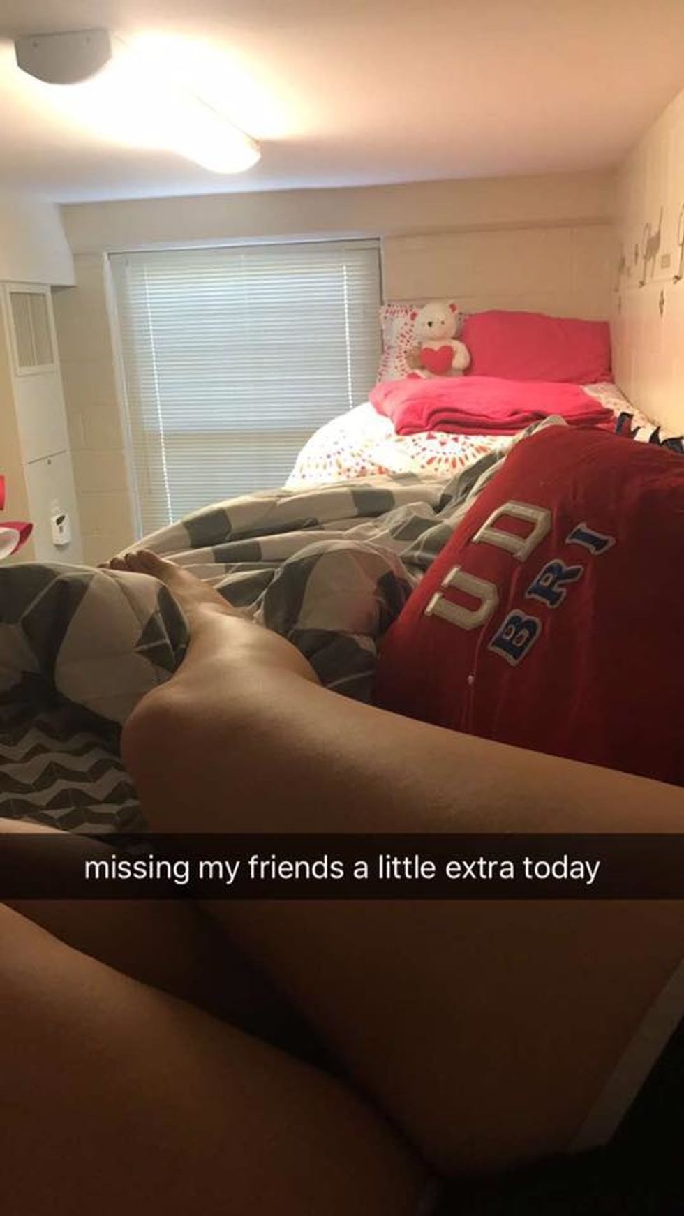 Even as the school year went on, I remember lying to friends and telling them I wasn't in my room so that I could sit alone and cry. I remember one of my friends having to call me and come into the communal bathroom to find me crying terribly in the shower.
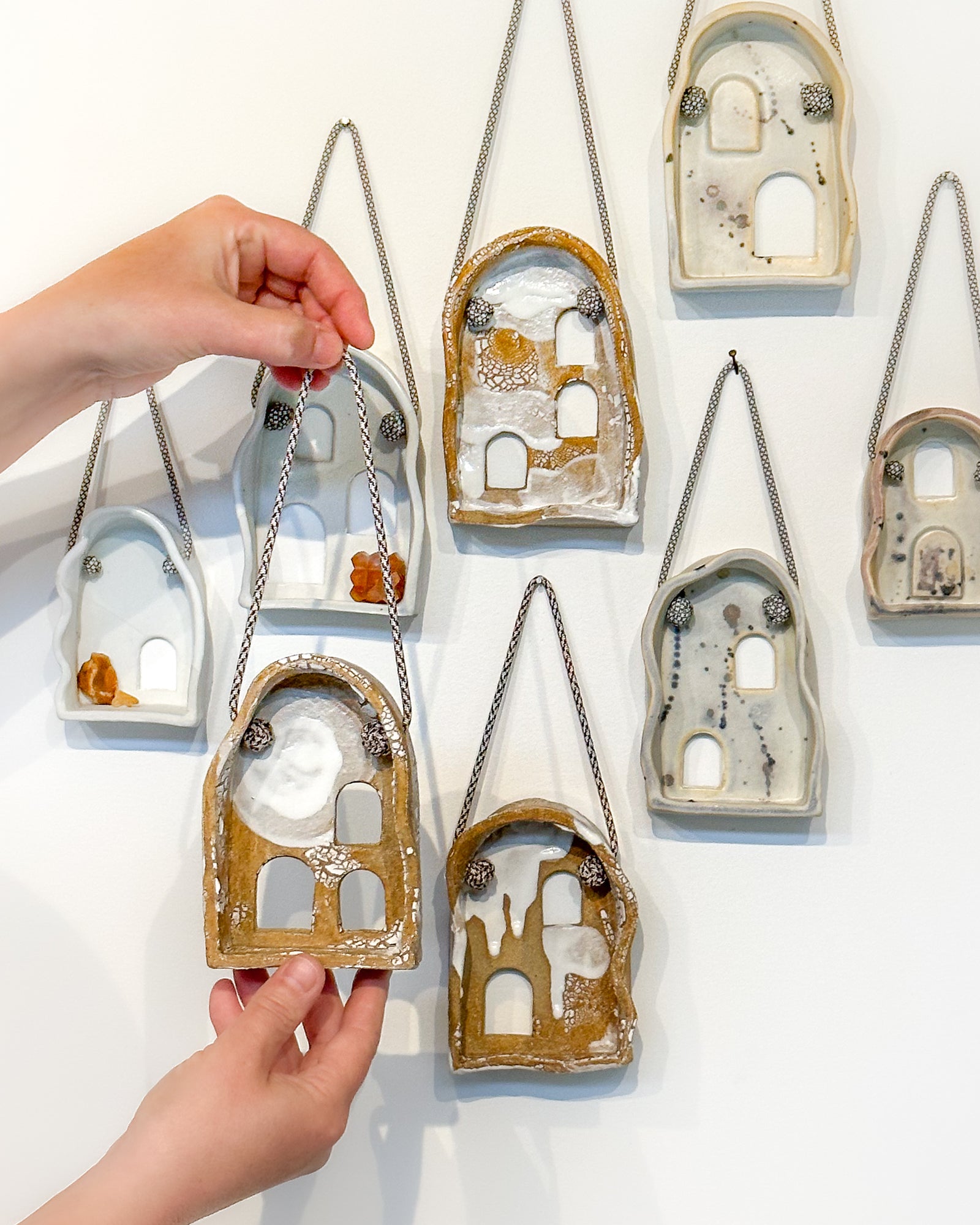 Expanding beyond functional pottery into ceramic installation work, the Portals in this collection are layered with glaze, gold luster (11% 22k gold), hidden correspondences, mementos, imaginary creatures, dried plants/flowers, semiprecious stones, and agates from my paternal grandmother.
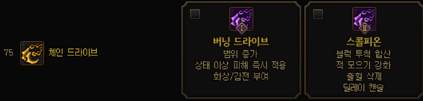 vp1. 버닝드라이브 - 범위가 증가하고 기존의 출혈 + 화상,감전을 부여하기 때문에 체인 드라이브만으로도 3상변을 쉽게 묻힐수있어

Task to complete: Copy out all of the data word for word. Do not carry over any picture.

Response to the exercise:
 Even as the school year went on, I remember lying to friends and telling them I wasn't in my room so that I could sit alone and cry. I remember one of my friends having to call me and come into the communal bathroom to find me crying terribly in the shower.
 Expanding beyond functional pottery into ceramic installation work, the Portals in this collection are layered with glaze, gold luster (11% 22k gold), hidden correspondences, mementos, imaginary creatures, dried plants/flowers, semiprecious stones, and agates from my paternal grandmother.
 vp1. 버닝드라이브 - 범위가 증가하고 기존의 출혈 + 화상,감전을 부여하기 때문에 체인 드라이브만으로도 3상변을 쉽게 묻힐수있어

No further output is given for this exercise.